Bee caught him by the arm. “Sleep,” she said, looking at him suspiciously. “Sleep?”

“Yes, sleep—that may give her strength for another day. Oh, ask no more, child. Life is not mine to give.”

What a night! Out of doors it was moonlight as serene as heaven—the moon departing in the west, and another faint light that was day coming on the other side, and the first birds beginning to stir in the branches; but not even baby moving in the house. All fast asleep, safe as if trouble never was, as if death could not be. Bee went upstairs to her chill, white room, where the white bed, unoccupied, looked to her like death itself—all cold, dreadful, full of suggestion. Bee’s heart was more heavy than could be told. She had nothing to fall back upon, no secret strength to uphold her. She had forgotten how wretched she had been, but she felt it, nevertheless, behind the present anguish. Nevertheless, she was only nineteen, and when she flung herself down to cry upon her white pillow—only to cry, to get her passion out—beneficent nature took hold of the girl and made her sleep. She did not wake for hours. Was it beneficent? For when she was roused by the opening of the door and sat up in her bed, and found herself still dressed in her evening frock, with her little necklace round her throat, there pressed back upon Bee such a flood of misery and trouble as she thought did not exist in the world.
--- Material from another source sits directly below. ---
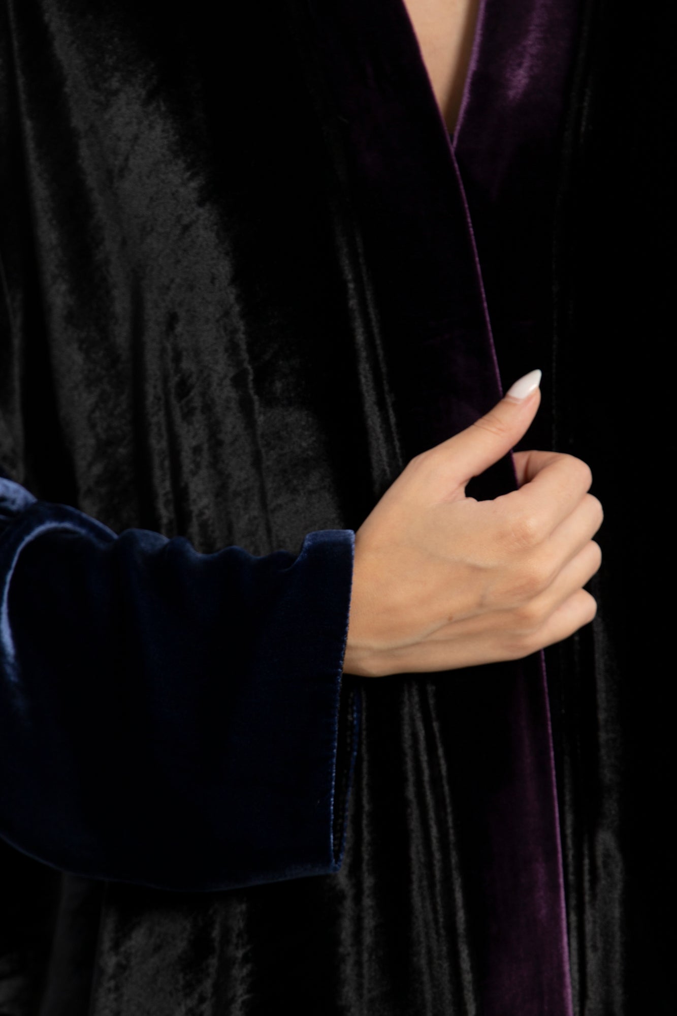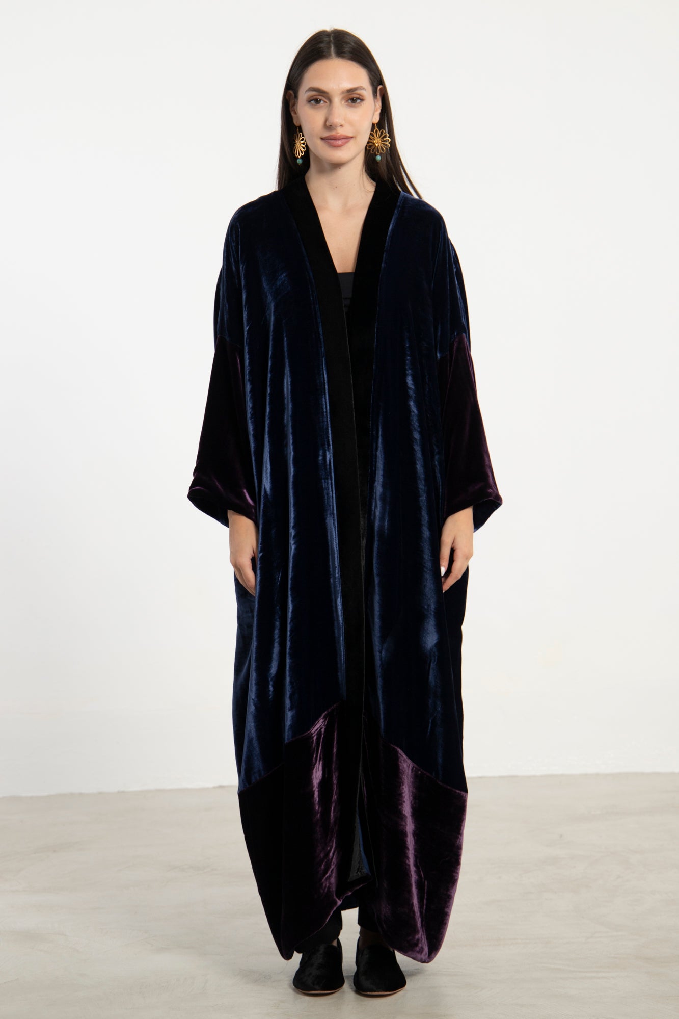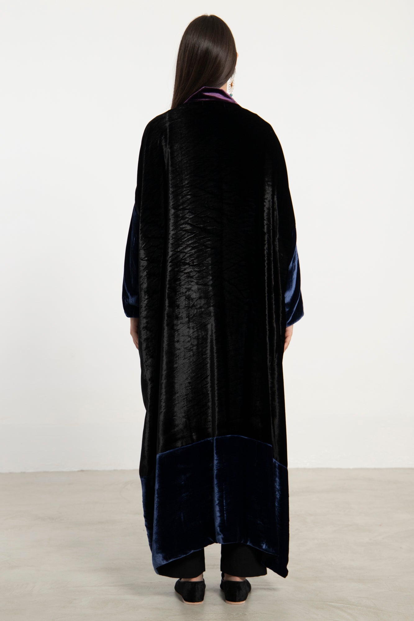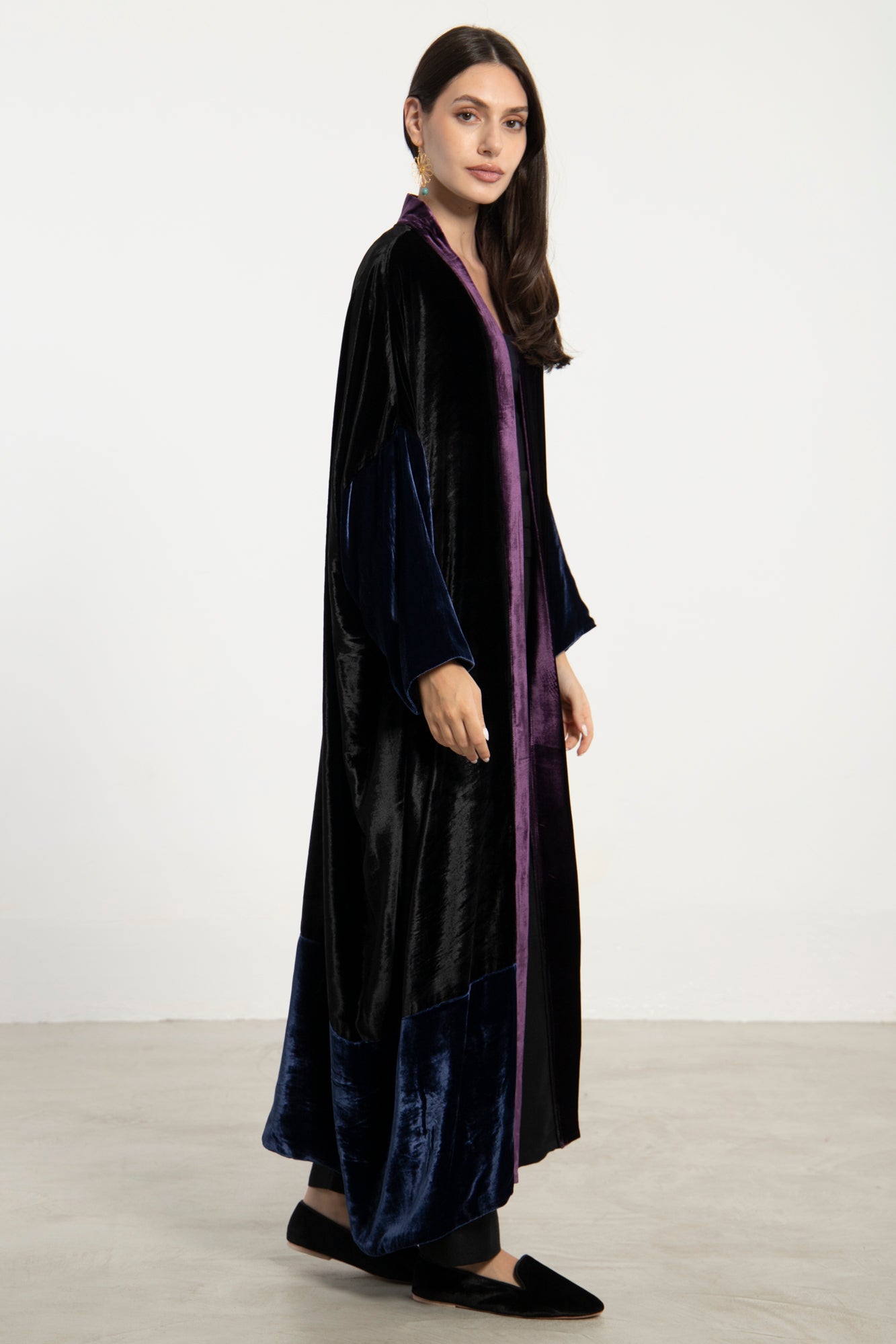 Details: Open abaya with wide sleeves and color-blocked velvet panels in black, blue, and purple

“Miss Bee, Miss Bee! Master’s come home. He’s been travelling all night—and I dare not disturb Mrs. Moulsey in Missis’s room; and he wants to see you this minit, please. Oh, come, come, quick, and don’t keep the Colonel waiting,” the woman said.

Half awakened, but wholly miserable, Bee sprang up and rushed downstairs to her father. He came forward to meet her at the door, frowning and pale.

“What is this I hear?” he said. “What have you been doing to upset your mother? She was well enough when I went away. What have you been doing to your mother? You children are the plague of our lives!”